In Francia erano riconosciuti principi-vescovi i sei titolari di Parìe ecclesiastiche: l'arcivescovo di Reims, i vescovi di Laon, Langres, Beauvais, Chalon e Noyon. Inoltre, mantennero il titolo di principi dell'impero i tre vescovi di Metz, Toul e Verdun i cui stati furono annessi dalla Francia nel 1552.
In Italia principi-vescovi furono:
- l'arcivescovo di Ravenna dal X secolo e signore della Guna fino al -1783;
- il patriarca di Aquileia fino al 1751, in seguito l'arcivescovo di Gorizia;
- il vescovo di Novara come principe di Orta e San Giulio fino al 1786;
- il vescovo di Vercelli,
- il vescovo di Sarzana dal 1355,
- il vescovo di Feltre,
- il vescovo di Treviso.
- il vescovo di Teramo.
Situazione attuale
Tutti i titoli sono caduti in disuso dopo il decreto Attentis dispositionibus della Sacra Congregazione Concistoriale del 12 maggio 1951, con cui la Santa Sede chiede a tutti i vescovi di non menzionare titoli civili nelle loro lettere, sigilli e stemmi e di evitare di apporvi corone o altri riferimenti.[3]

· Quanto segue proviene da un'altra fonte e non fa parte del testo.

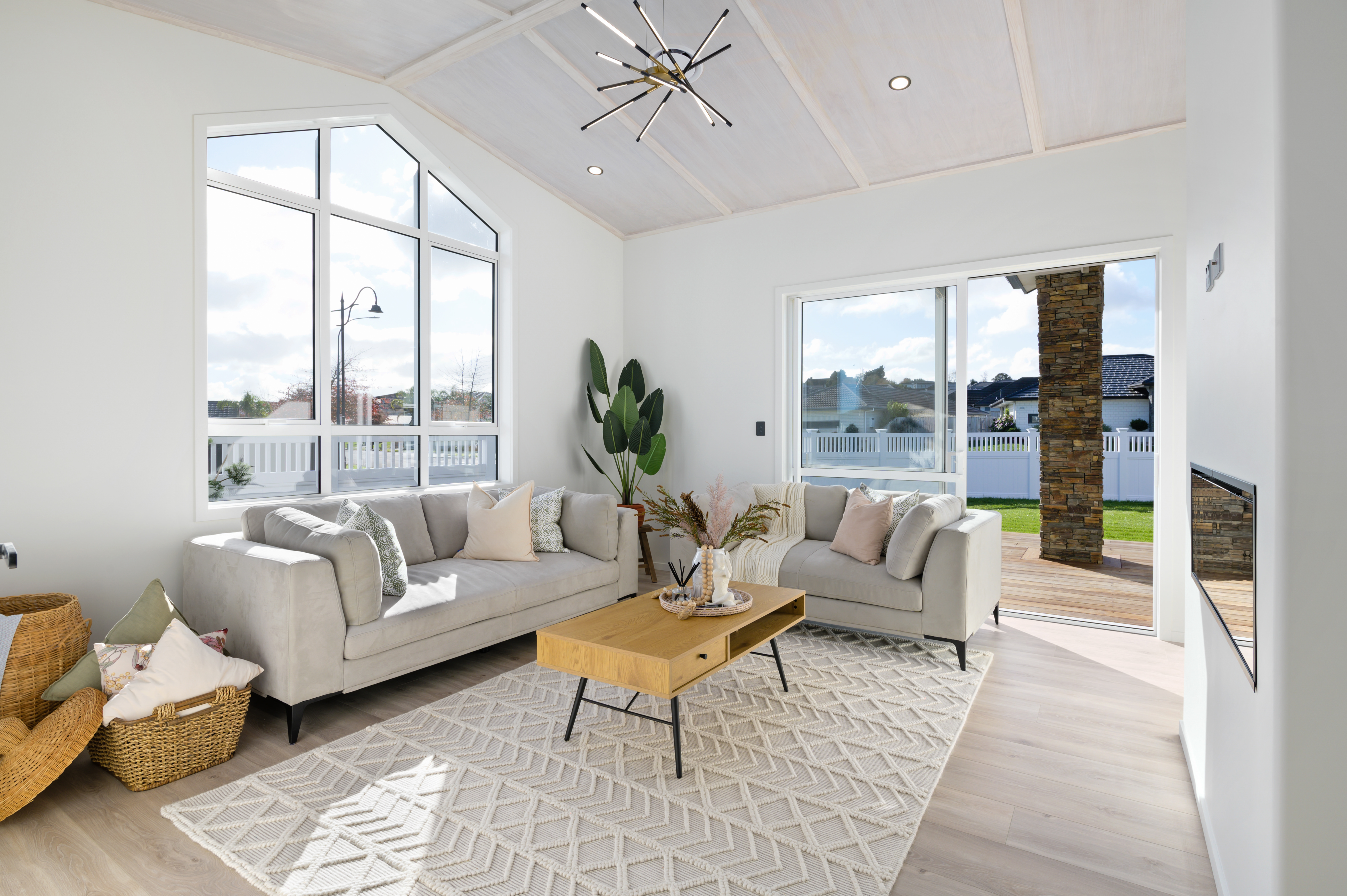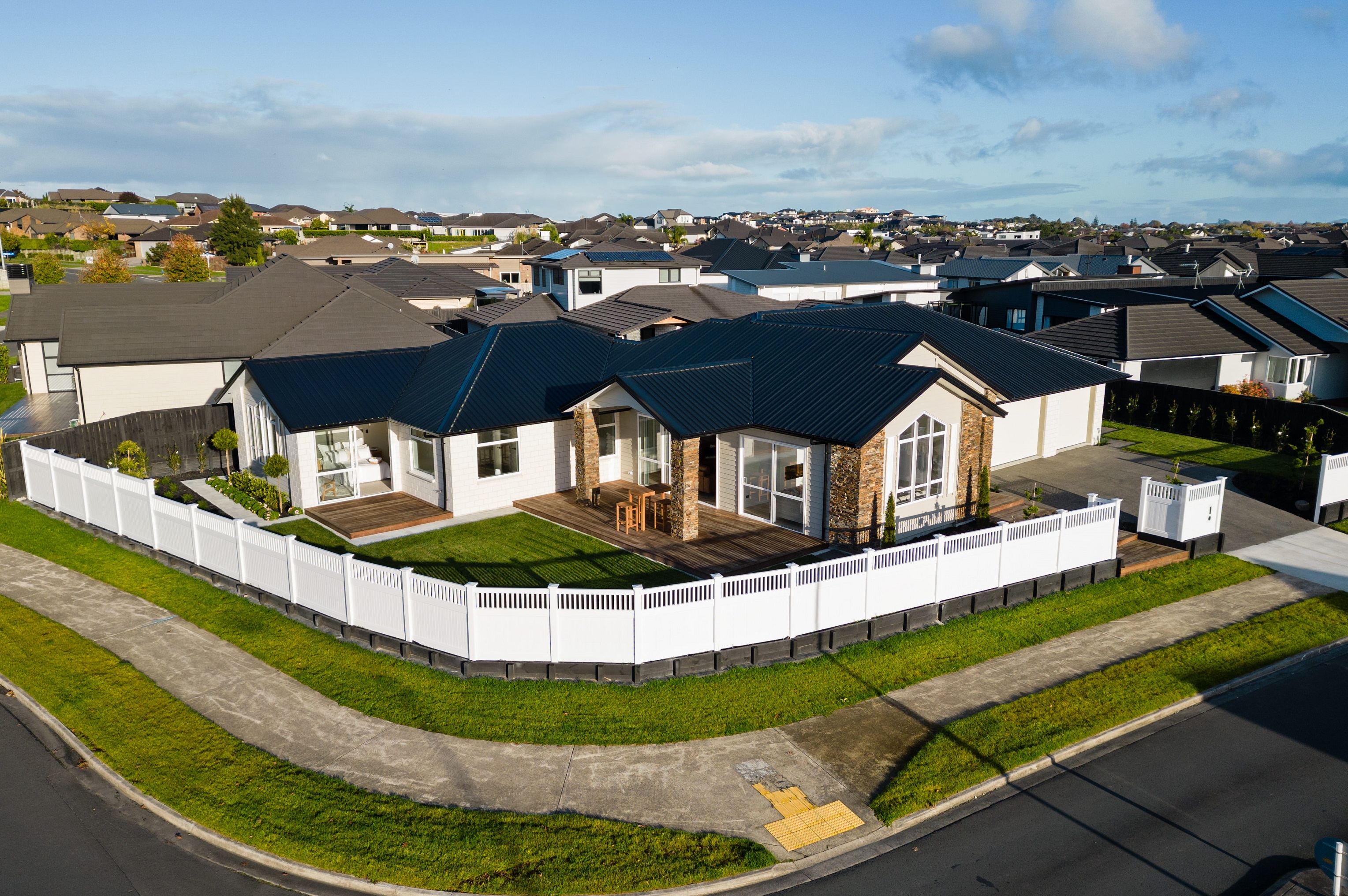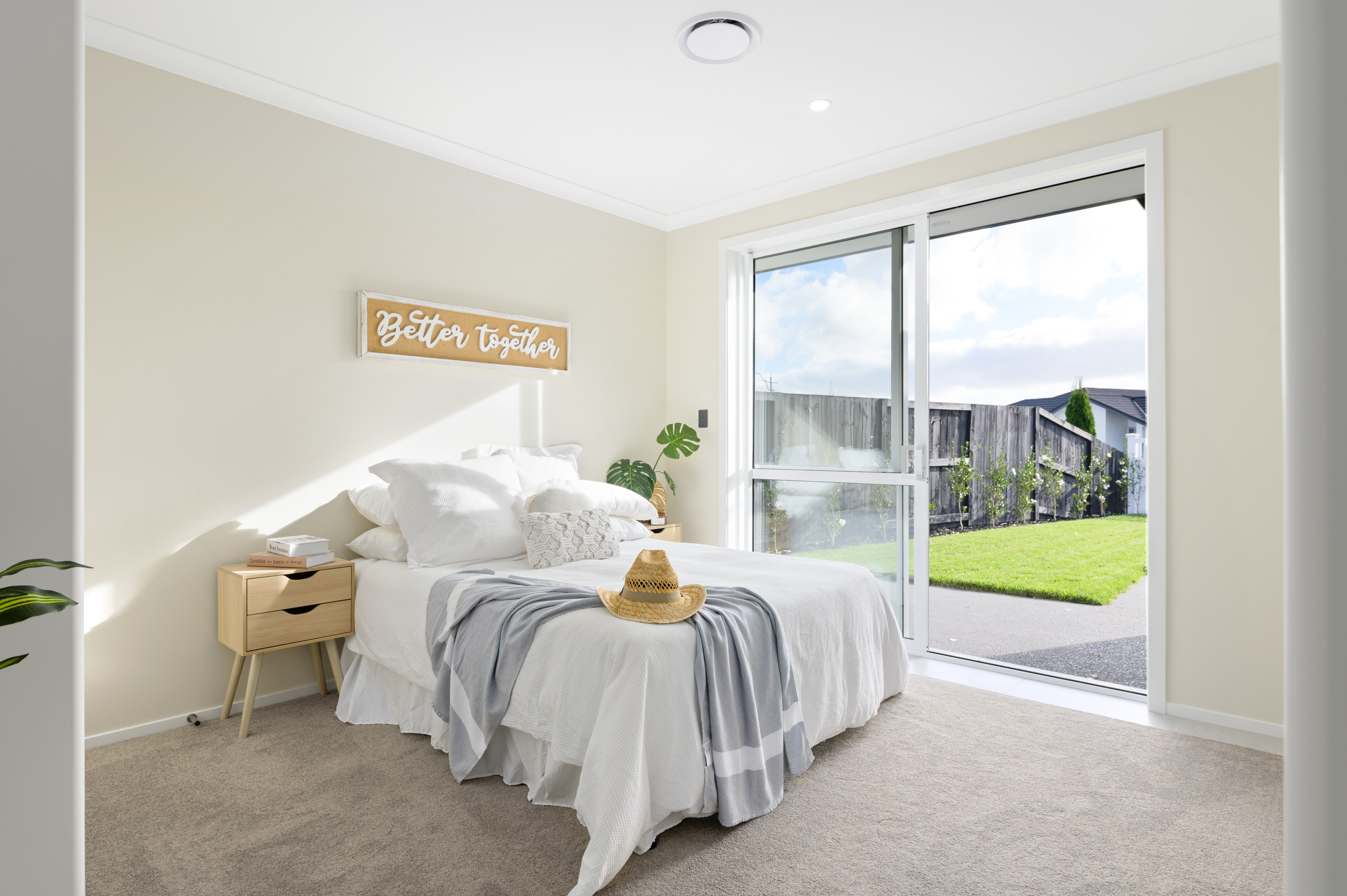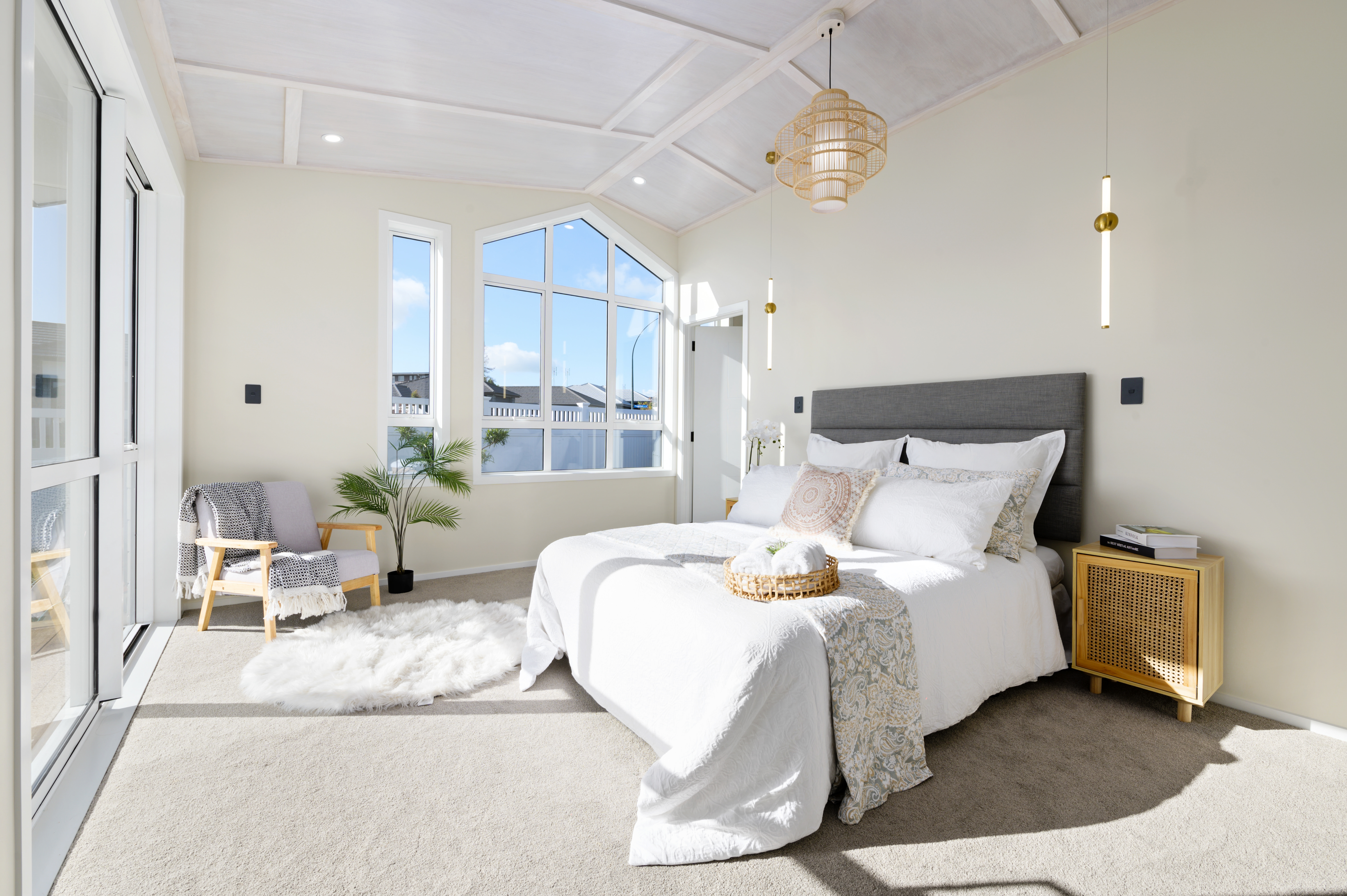 Enticingly inviting, the high-stud master bedroom boasts a tiled ensuite, a fully fitted walk-in robe, and large sliders that open to a deck.

Il più importante principe-vescovo è il vescovo di Roma, il Papa, capo universale della Chiesa cattolica. In seguito ai Patti lateranensi il papa è un sovrano assoluto, capo di Stato della Città del Vaticano.
Il vescovo di Urgell in Spagna è un altro caso di principe-vescovo sovrano essendo coprincipe di Andorra insieme al presidente della Repubblica francese.